System Monitoring

In mission critical environments, each systems’ health is important in sustaining the overall functionality and dependability of the system. This includes the health of the network, local and remote servers, and the applications running on each of the servers. It is critical to know where maintenance is needed, which servers are stressed from load and resources, internal status of CPU utilitization, memory swapping and paging and internal disk status. Monitoring all of these situations for every asset can be overwhelming without some visuals for reviewing the health of the overall situation and the individual components. Primate has a great solution through joining the vast library of interfaces for data retrieval with the GridGuardian product and the visualization techniques of the BlackBoard product.

GridGuardian allows for reports to be generated and BlackBoard provides the real-time displays to show current status and conditions. Based upon situations, GridGuardian has rules to automatically notify support personnel, launch external programs, execute JavaScript code, and/or stream sound files through the server’s sound card to be sure that appropriate action occurs based upon the health of the systems.

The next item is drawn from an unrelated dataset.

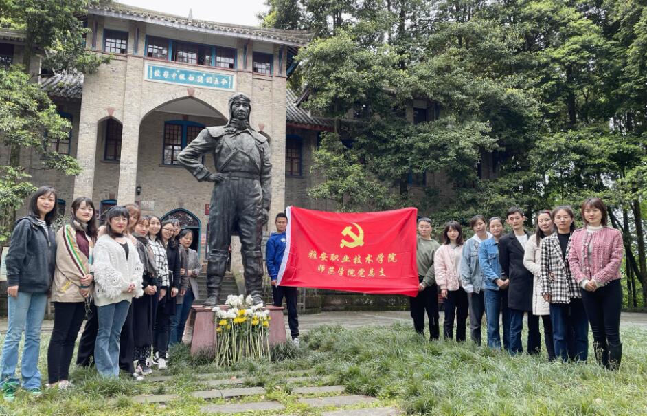 4月1日,师范学院党总支党员教师代表20余人在西康博物馆开展“学党史、守初心、育新人”党史专题学习会。伴随着蒙蒙的细雨,朗朗的颂诗声在雅安市雨城区西康博物馆前响起,师范学院党总支副书记陆小路带领党员教师在保卫南京空战中壮烈牺牲的雅安市芦山籍烈士乐以琴塑像前进行了深情的诗朗诵,并向烈士敬献鲜花,表达对革命先烈深切的缅怀之情。

Although executing as standalone products, GridGuardian and BlackBoard are delivered with an application program interface (API) so administrators and programmers may easily expand the capabilities and bi-directional communication with other Information Technology Systems.

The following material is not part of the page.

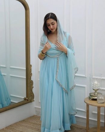 PACKAGE CONTAIN :- GOWN-1, DUPATTA-1, BOTTOM-1SKU: 75641-4 - FANCY GEORGETTE HAND EMBROIDERY, REAL MIRROR KASAB JARI WORK GOWN BOTTOM WITH DUPATTA SKY ₹1,319.00

Many tools and applications exist to monitor the health of a system; however, few (if any) monitor at a application level across multiple supplier systems. For example, the North American Electric Reliability Corporation’s (NERC’s) investigation into the August 14, 2003 blackout identified several issues as problems or potential problems for all North American utilities as related to the failure of an application on a computer system. There was insufficient awareness by operations and support of the computer system’s failure. NERC asked utilities to “establish an automated method to alert power system operators and technical support personnel when power system status indications are not current, or that alarms are not being received or annunciated.” Today, as a part of a NERC readiness audit, these issues are explored to determine how the electric utility handles this level of monitoring. GridGuardian is an excellent independent and unprejudiced solution complimentary to existing supervisory control and data acquisition (SCADA) platforms to determine the health of all the applications.